Una vez más, los disturbios se centraron sobre todo en los distritos mineros de la Francia septentrional. El 20 de octubre se declaró el estado de sitio en la zona. Se llevaron a cabo cientos de arrestos, entre los que se incluía el del diputado comunista René Camphin. Los mineros ocuparon los pozos y cabrestantes, y se atrincheraron en las entradas de las minas. Aseguraron estar respetando las instalaciones, pero, habida cuenta del sabotaje del que había sido objeto la maquinaria durante los tumultos del año anterior, Moch se negó a creer su palabra e hizo llegar tropas y vehículos blindados de los destinados en Alemania para que derribasen las barricadas.

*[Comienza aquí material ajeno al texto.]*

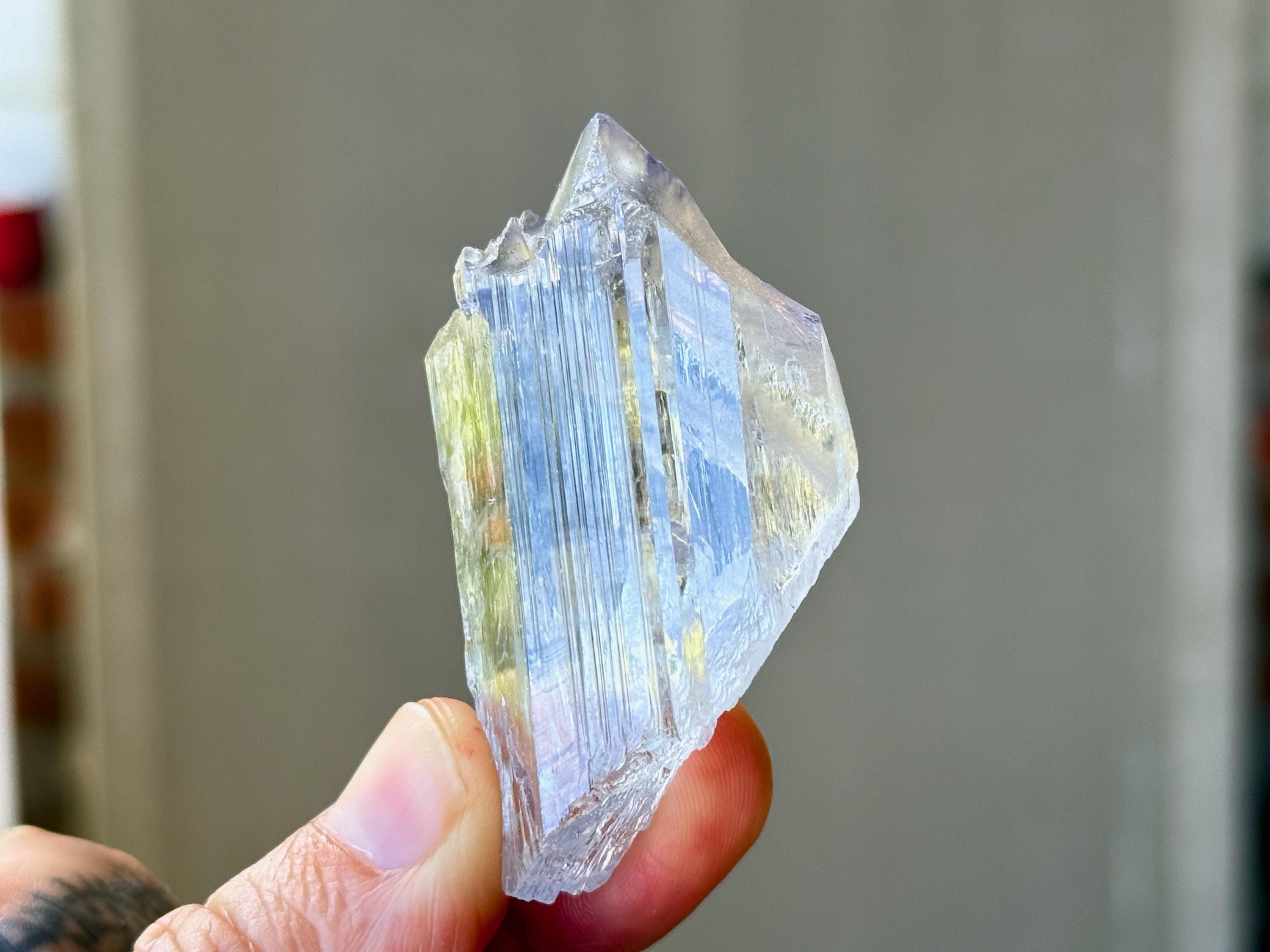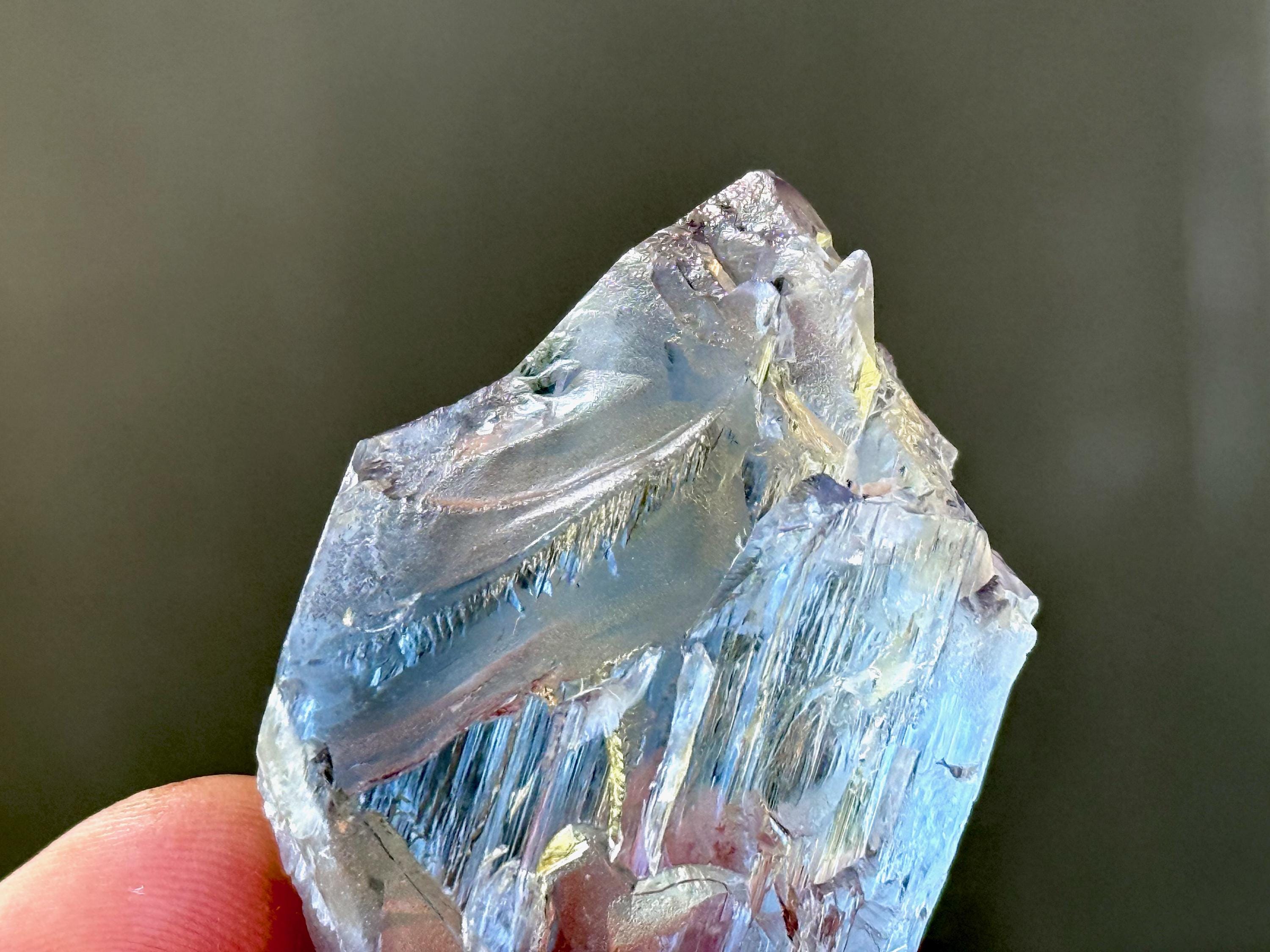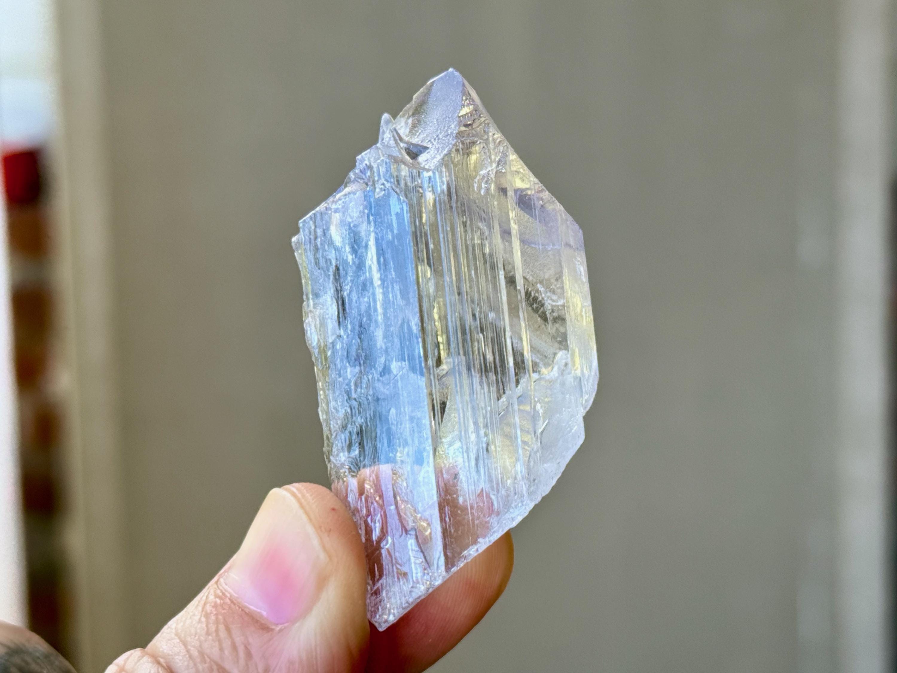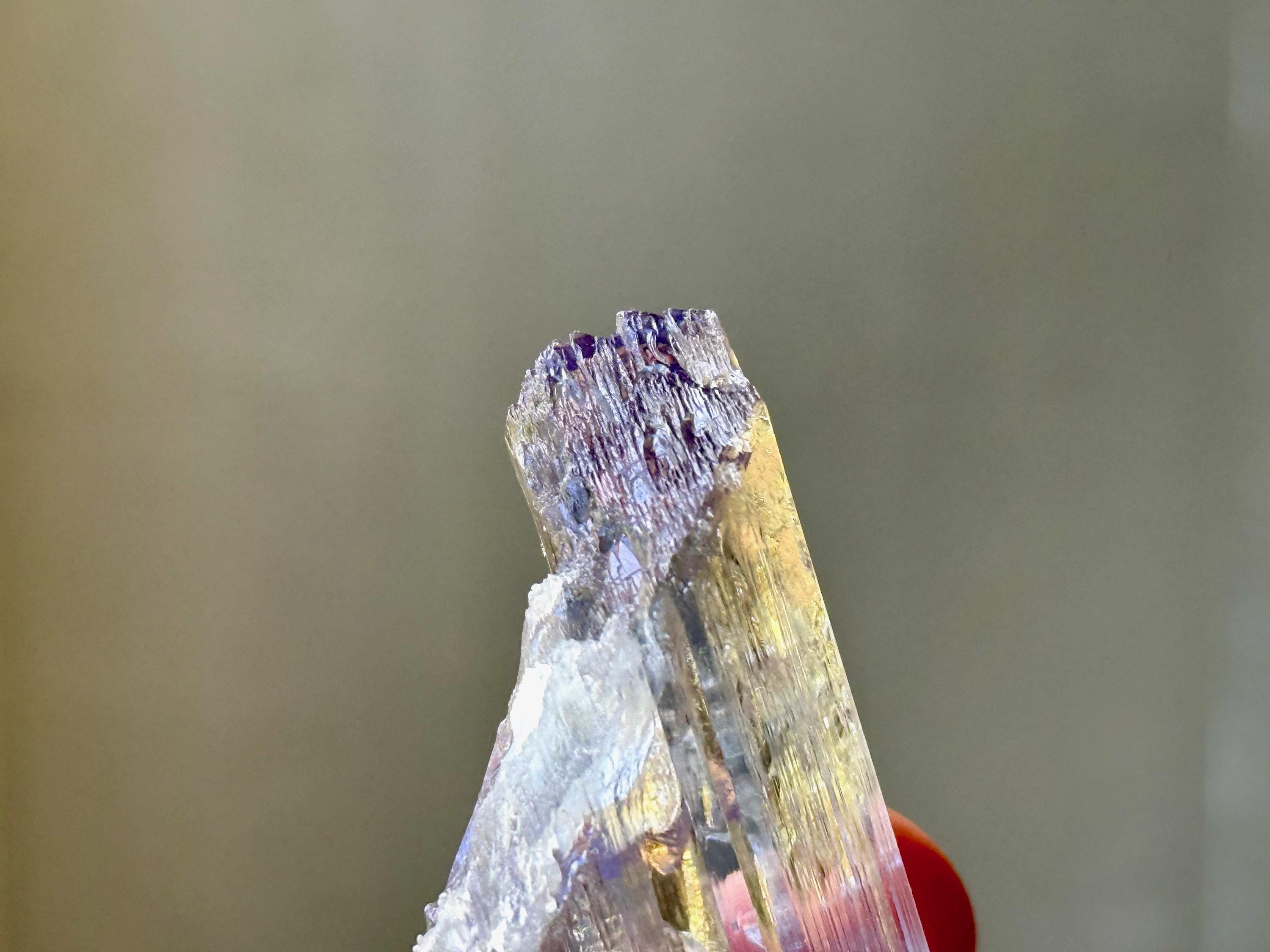This is an exceptional, glassy and water-clear Kunzite crystal that is almost colorless aside from a very subtle tinge of pale purple hue. The color will change a bit in as you tilt the angle, and we can see the darker purple color when we view the bottom termination (Photo 6).

Esta guerra de desgaste, que se propagó a la industria pesada de Lorena y otras zonas, acabó por prolongarse hasta noviembre. Según informó a Londres el nuevo embajador británico: «Francia se ha erigido por el momento en la primera línea de frente de la guerra fría»[496]. Moch dio muestras de una resolución comparable a la del año anterior, dispuesto como estaba a no admitir otra cosa que la rendición incondicional. «El gobierno ha decidido mantener el orden con todas sus fuerzas y restablecer la autoridad del estado», recordó el ministro del Interior a uno de sus colegas[497]. El nuevo primer ministro, Henri Queuille, ordenó formalmente a Moch que prohibiese a todos los prefectos y los inspectores generales «cualquier tipo de negociación con los sindicatos» que no contase con su autorización[498].

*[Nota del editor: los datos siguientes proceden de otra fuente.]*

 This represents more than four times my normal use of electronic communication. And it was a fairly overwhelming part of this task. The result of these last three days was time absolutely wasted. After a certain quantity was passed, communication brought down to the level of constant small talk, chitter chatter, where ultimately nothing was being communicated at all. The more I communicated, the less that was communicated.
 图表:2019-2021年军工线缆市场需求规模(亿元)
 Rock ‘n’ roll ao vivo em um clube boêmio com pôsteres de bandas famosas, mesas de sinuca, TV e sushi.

Moch recibió un número de informes más que suficiente para convencerse de que se enfrentaba a una operación dirigida contra la República desde el extranjero. Estaba decidido a localizar la fuente de los fondos que estaba empleando el Partido Comunista con objeto de prolongar las huelgas. En un mensaje enviado al ministro de Hacienda con el sello de Tres Secret le pidió que investigara todos «los permisos de importación sin pagar»[499]. Estaba convencido de que la Unión Soviética estaba exportando, a través de rutas indirectas, bienes que posteriormente vendían los frentes comerciales del Partido Comunista francés sin pagar por ello.

Las predicciones de una guerra civil y del regreso del general De Gaulle dieron pie a una honda sensación de déjà vu. Durante un almuerzo que había congregado a una variopinta concurrencia —compuesta, entre otros, por el subordinado más inmediato de Bevin, Hector MacNeill (que había llevado consigo a París a su protegido, Guy Burgess), Loelia, duquesa de Westminster, y Esmond y Ann Rothermere—, Raymond Aron predijo «seis meses de huelgas y miseria; después, el regreso de De Gaulle»[500]. Los gaullistas, movidos tanto por convicción como por interés, tendían a exagerar la magnitud de los disturbios.

A pesar de que la popularidad personal del general estaba en decadencia, las elecciones del 7 de noviembre supusieron para el Rassemblement un éxito inesperado. La viuda del general Leclerc, la señora de Hauteclocque, «aceptó su inclusión en la lista de candidatos del RPF porque le garantizaron que no saldría elegida, y no pudo menos de quedar pasmada al encontrarse con un cargo político»[501]. De cualquier modo, la agrupación estaba condenada a declinar, por cuanto el otoño de 1948 supuso el último arrebato de paranoia en lo referente a la guerra civil. Pese a todas las predicciones de De Gaulle, la Cuarta República no se había derrumbado.

Mientras tanto, los comunistas habían visto esfumarse toda posibilidad de hacerse con el poder por medios constitucionales. Tras el golpe de Praga y las amenazas en relación con Berlín, la mayor parte de la población francesa sabía —con independencia de que le gustase o no la idea—, que el único lugar posible se hallaba en el bando occidental. No obstante, hasta la década de los sesenta, Francia siguió siendo el «principal objetivo» del KGB en el seno del «proyecto consistente en propiciar una escisión interna en la OTAN»[502]. Y el encargado de obligar a Francia a abandonar la organización no era otro que Boris Ponomarev.